Data excerpts:
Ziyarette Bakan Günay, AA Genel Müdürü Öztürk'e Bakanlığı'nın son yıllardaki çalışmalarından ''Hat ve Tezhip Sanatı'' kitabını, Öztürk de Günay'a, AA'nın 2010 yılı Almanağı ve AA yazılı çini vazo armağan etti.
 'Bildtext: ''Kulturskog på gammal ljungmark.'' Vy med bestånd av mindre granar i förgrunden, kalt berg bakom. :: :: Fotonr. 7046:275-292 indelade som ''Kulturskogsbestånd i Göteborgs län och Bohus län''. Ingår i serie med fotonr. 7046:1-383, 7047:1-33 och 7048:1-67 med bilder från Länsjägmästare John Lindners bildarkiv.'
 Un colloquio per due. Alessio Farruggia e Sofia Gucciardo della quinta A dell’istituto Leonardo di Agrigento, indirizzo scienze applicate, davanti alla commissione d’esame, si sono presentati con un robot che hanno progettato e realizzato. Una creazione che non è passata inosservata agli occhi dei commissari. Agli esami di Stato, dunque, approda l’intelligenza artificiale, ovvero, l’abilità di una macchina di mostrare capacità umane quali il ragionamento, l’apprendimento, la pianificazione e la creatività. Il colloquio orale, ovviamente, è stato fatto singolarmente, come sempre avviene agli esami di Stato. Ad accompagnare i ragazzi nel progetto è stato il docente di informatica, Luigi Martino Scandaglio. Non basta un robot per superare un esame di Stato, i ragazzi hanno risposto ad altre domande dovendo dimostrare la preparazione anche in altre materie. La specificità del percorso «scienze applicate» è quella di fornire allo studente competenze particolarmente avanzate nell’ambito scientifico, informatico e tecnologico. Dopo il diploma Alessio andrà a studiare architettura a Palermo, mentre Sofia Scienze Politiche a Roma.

==

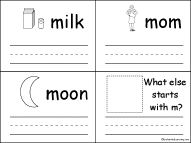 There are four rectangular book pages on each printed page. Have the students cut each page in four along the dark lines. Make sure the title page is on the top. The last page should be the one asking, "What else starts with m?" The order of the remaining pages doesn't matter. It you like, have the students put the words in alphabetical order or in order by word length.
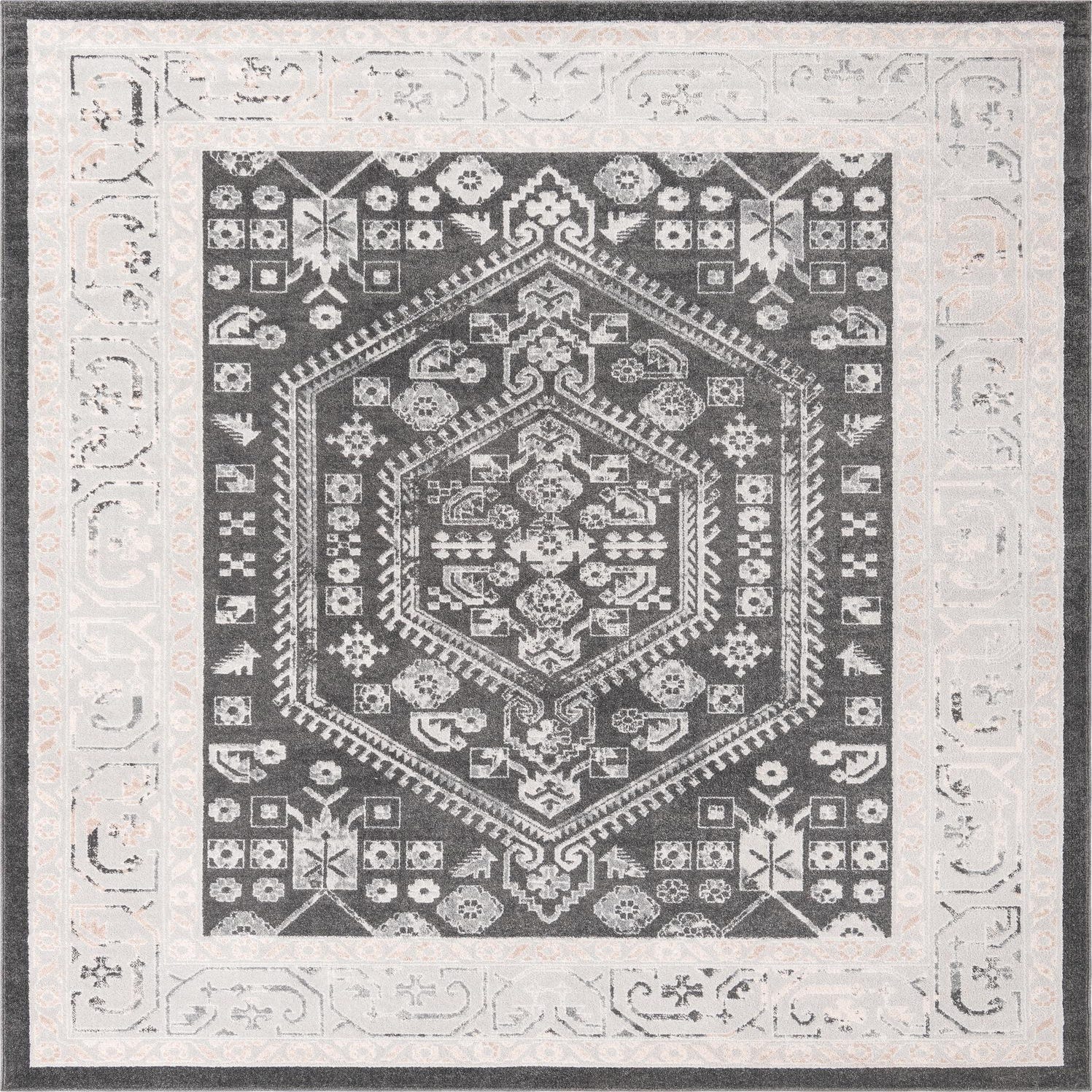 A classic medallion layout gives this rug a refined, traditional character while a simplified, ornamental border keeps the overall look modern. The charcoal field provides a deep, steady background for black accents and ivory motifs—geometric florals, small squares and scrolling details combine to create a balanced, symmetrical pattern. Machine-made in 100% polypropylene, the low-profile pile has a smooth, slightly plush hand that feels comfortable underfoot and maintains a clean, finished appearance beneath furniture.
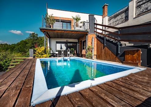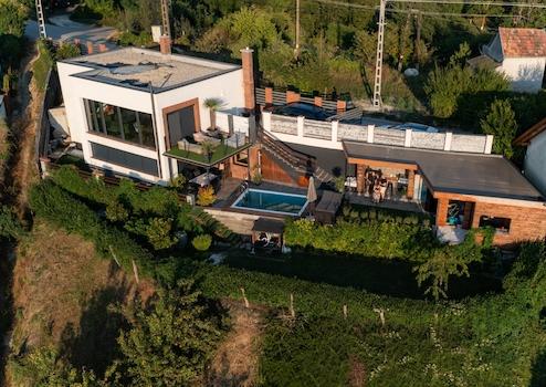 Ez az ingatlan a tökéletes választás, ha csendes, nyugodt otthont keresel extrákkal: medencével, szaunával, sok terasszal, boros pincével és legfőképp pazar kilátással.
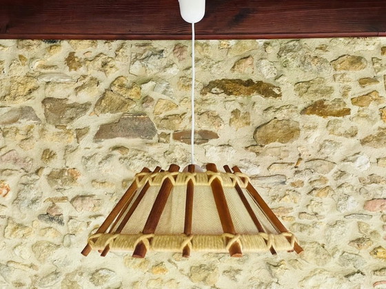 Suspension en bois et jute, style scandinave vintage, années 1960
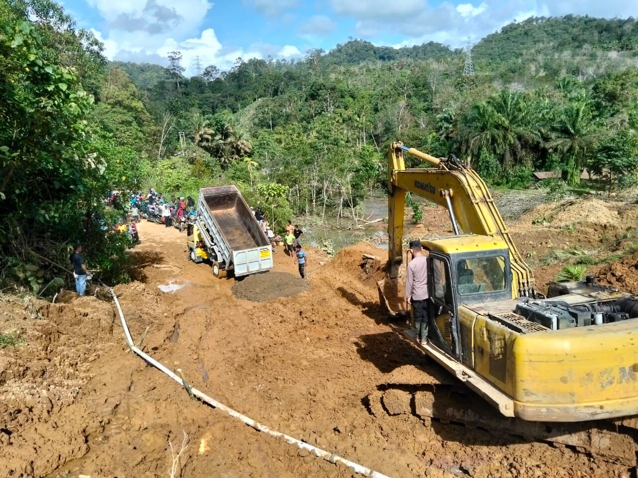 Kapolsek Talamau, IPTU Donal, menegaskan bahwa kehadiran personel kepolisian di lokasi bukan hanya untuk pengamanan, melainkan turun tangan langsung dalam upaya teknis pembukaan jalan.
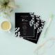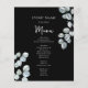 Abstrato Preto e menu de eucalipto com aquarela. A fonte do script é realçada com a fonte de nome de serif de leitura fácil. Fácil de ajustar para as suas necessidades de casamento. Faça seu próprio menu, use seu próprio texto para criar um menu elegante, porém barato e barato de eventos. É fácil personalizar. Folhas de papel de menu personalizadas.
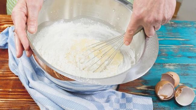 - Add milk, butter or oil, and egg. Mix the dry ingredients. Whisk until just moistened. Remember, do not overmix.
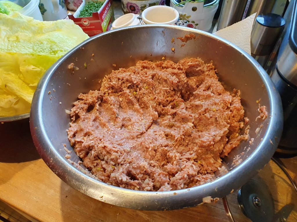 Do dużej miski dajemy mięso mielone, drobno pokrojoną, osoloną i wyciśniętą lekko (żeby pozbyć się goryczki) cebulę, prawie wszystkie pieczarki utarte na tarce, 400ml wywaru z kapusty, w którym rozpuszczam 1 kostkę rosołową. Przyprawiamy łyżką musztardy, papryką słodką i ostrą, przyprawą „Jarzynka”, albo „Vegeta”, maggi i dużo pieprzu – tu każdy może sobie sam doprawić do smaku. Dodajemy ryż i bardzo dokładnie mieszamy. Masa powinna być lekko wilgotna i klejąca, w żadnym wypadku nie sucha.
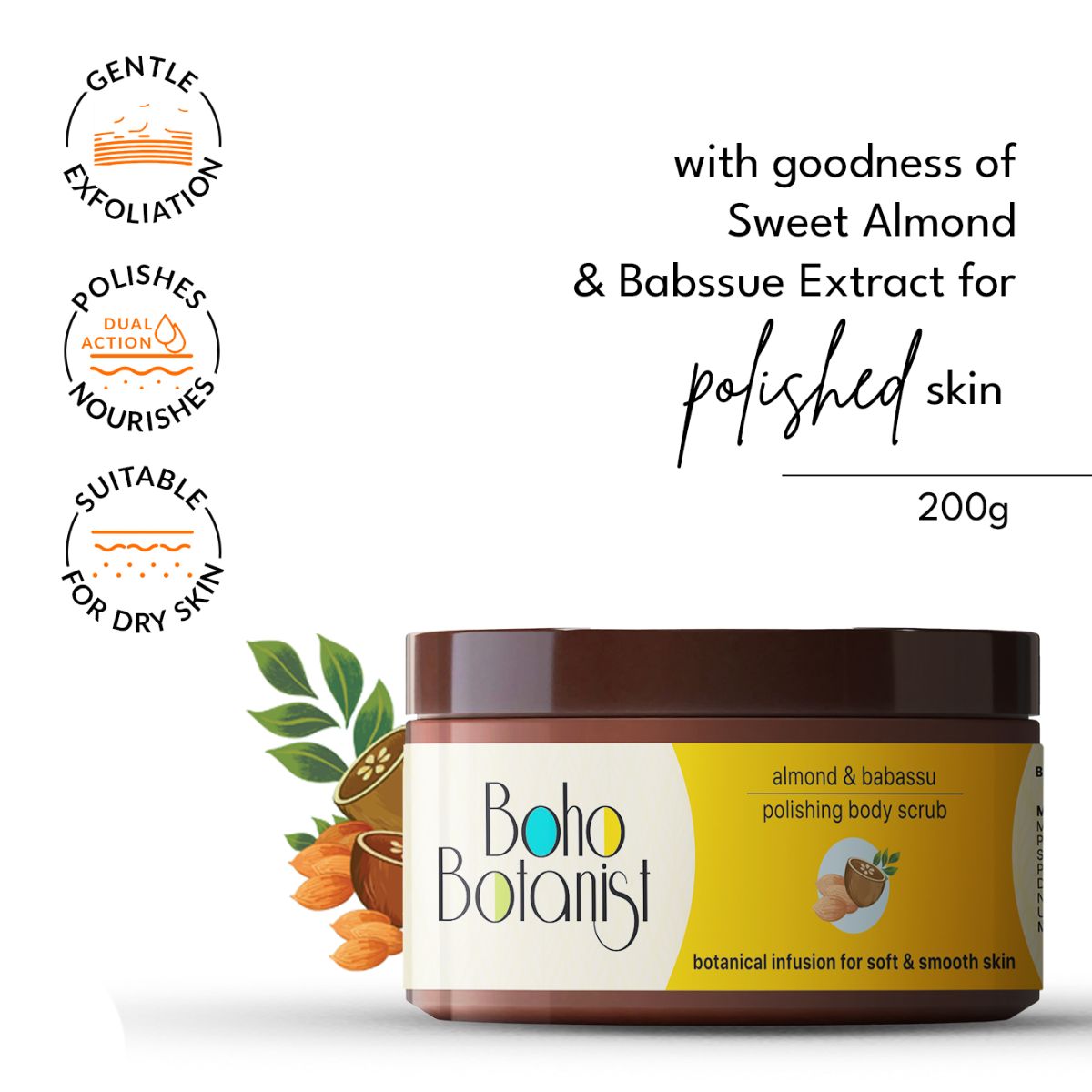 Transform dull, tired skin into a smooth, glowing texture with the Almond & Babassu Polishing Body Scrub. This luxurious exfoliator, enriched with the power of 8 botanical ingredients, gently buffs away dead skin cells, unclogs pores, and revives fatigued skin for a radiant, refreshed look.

Work required: Quote the listing above, but only from the line that shows "Ziyarette Bakan Günay, AA" through the line that shows "John Lindners bildarkiv.'".

Final answer:
Ziyarette Bakan Günay, AA Genel Müdürü Öztürk'e Bakanlığı'nın son yıllardaki çalışmalarından ''Hat ve Tezhip Sanatı'' kitabını, Öztürk de Günay'a, AA'nın 2010 yılı Almanağı ve AA yazılı çini vazo armağan etti.
 'Bildtext: ''Kulturskog på gammal ljungmark.'' Vy med bestånd av mindre granar i förgrunden, kalt berg bakom. :: :: Fotonr. 7046:275-292 indelade som ''Kulturskogsbestånd i Göteborgs län och Bohus län''. Ingår i serie med fotonr. 7046:1-383, 7047:1-33 och 7048:1-67 med bilder från Länsjägmästare John Lindners bildarkiv.'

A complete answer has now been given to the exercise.